Философия достоинства, свободы и прав человека

22
18
20
22
24
26
28
30

Шведский дипломат продемонстрировал выдающиеся организаторские способности. В миссии был создан новый отдел во главе с Валленбергом. По его инициативе в различных концах Будапешта были созданы отделения миссии. Их сотрудники — около 400 человек, в основном, евреи, — после настойчивых переговоров Валленберга с венгерскими властями могли не носить желтую звезду на одежде и имели право свободно перемещаться по стране. Был введен защитный паспорт, обеспеченный личной подписью главы шведской миссии. Обладатель паспорта и его имущество находились под защитой шведской миссии вплоть до отъезда в Швецию.
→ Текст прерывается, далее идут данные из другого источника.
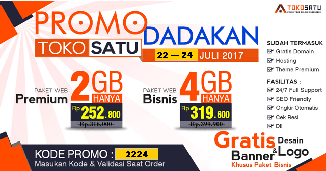 Hai, Apa Kabar ? Ketemu lagi ni di Jasa Pembuatan Website # 1 Terpopuler di Indonesia, Profesional, Harga Murah Kualitas Terjamin hanya di Toko Satu. Telah dipercaya ribuan klien tokosatu.com, saat ini kembali menghadirkan Promo Dadakan mulai pada tanggal 22 – 24 Juli 2017.
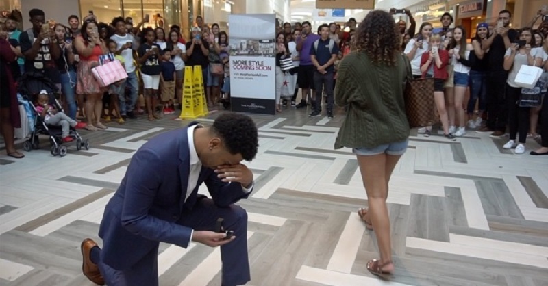 Algo así sucedió con nuestros protagonistas de hoy. Este joven decidió hacerle una propuesta de matrimonio a su novia, justo en medio de un centro comercial, y frente a un gran número de personas. Ya llevaban saliendo durante 4 años, por lo que creyó que ya era momento de dar el siguiente paso.
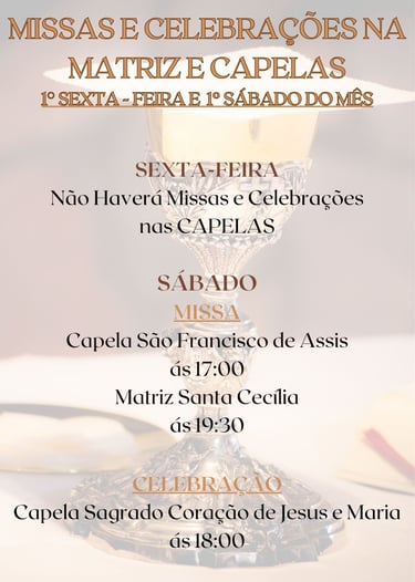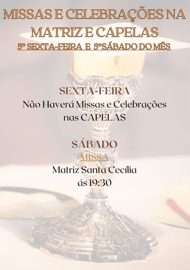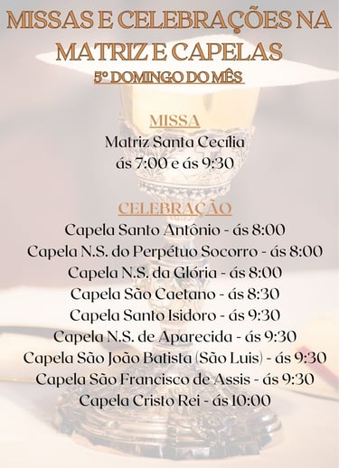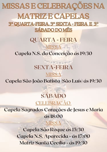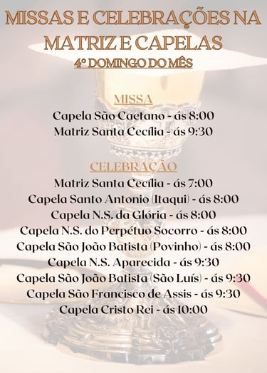 MÊS DE JANEIRO, TERÁ MISSAS E CELEBRAÇÕES APENAS NOS FINAIS DE SEMANA

По воспоминаниям очевидцев, Валленберг в пылу своей спасительной миссии не знал границ. Например, узнав, что с вокзала отправляется состав с евреями в Освенцим, он направился прямо на железнодорожную платформу и вопреки требованию эсэсовца покинуть ее, приблизился к составу. Затем «он вскарабкался на крышу вагона и стал раздавать паспорта через не закрытые еще двери. Приказы немцев сойти вниз Валленберг игнорировал… и продолжал раздавать паспорта в тянувшиеся к нему руки… Как только Валленберг раздал все имевшиеся у него паспорта, он приказал тем, кто шведские паспорта имеет, выйти из поезда к стоявшим неподалеку выкрашенным в национальные цвета шведского флага автомобилям». Так мог действовать человек, образно говоря, ведомый какой-то высшей силой. Такая сила и впрямь присутствовала. Это, на наш взгляд, была христианская мораль, которая неотступно владела сердцем этого человека.
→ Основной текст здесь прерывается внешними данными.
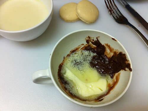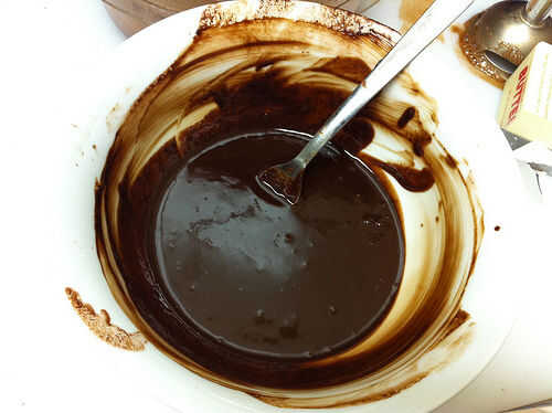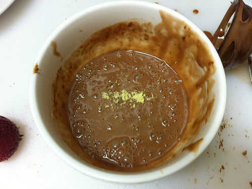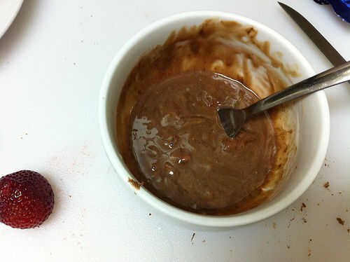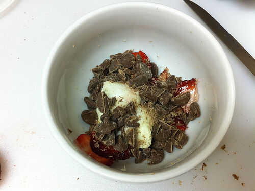 Fundir el chocolate con las fresas y la mantequilla. Mezclar bien, añadir lecitina de soja y mezcla un poco más, tratando de incorporar algunas burbujas para aligerar un poco la salsa.

Воодушевленный задачей спасения людей, Валленберг проявлял чудеса изобретательности: по всему Будапешту он скупал дома, объявляя их собственностью шведской миссии. Сие значило, что на них распространялся дипломатический иммунитет, и местные власти не могли ступить на их территорию. В общей сложности до 30 тысяч людей нашли убежище в таких домах.

Людей, озабоченных неистребимым желанием спасти попавших в беду, нередко осеняют самые невероятные идеи. Одной из таковых оказалась идея «охранных пропусков», которая спонтанно родилась во время беседы Валленберга со своим коллегой — вторым секретарём посольства Швеции в Венгрии — Пером Ангером (1913–2002). Иными словами, эти двое подвижников добра и милосердия от дипломатии сами придумали название и бланк документа, который оказывал магическое воздействие на офицеров и солдат вермахта: желто-голубой лист бумаги с тремя коронами, составленный на немецком и венгерском языках и скрепленный несколькими печатями. Суть этих пропусков заключалась в том, что податель сего оказывает важные услуги шведскому королевству и находится под охраной шведского закона. Хотя юридическая сила этого документа была весьма сомнительной, но на практике именно он безотказно действовал в те смутные времена. Евреи, обладавшие подобными документами, имели шанс избежать депортации в нацистские лагеря. Благодаря одной только этой идее получили право на жизнь тысячи людей.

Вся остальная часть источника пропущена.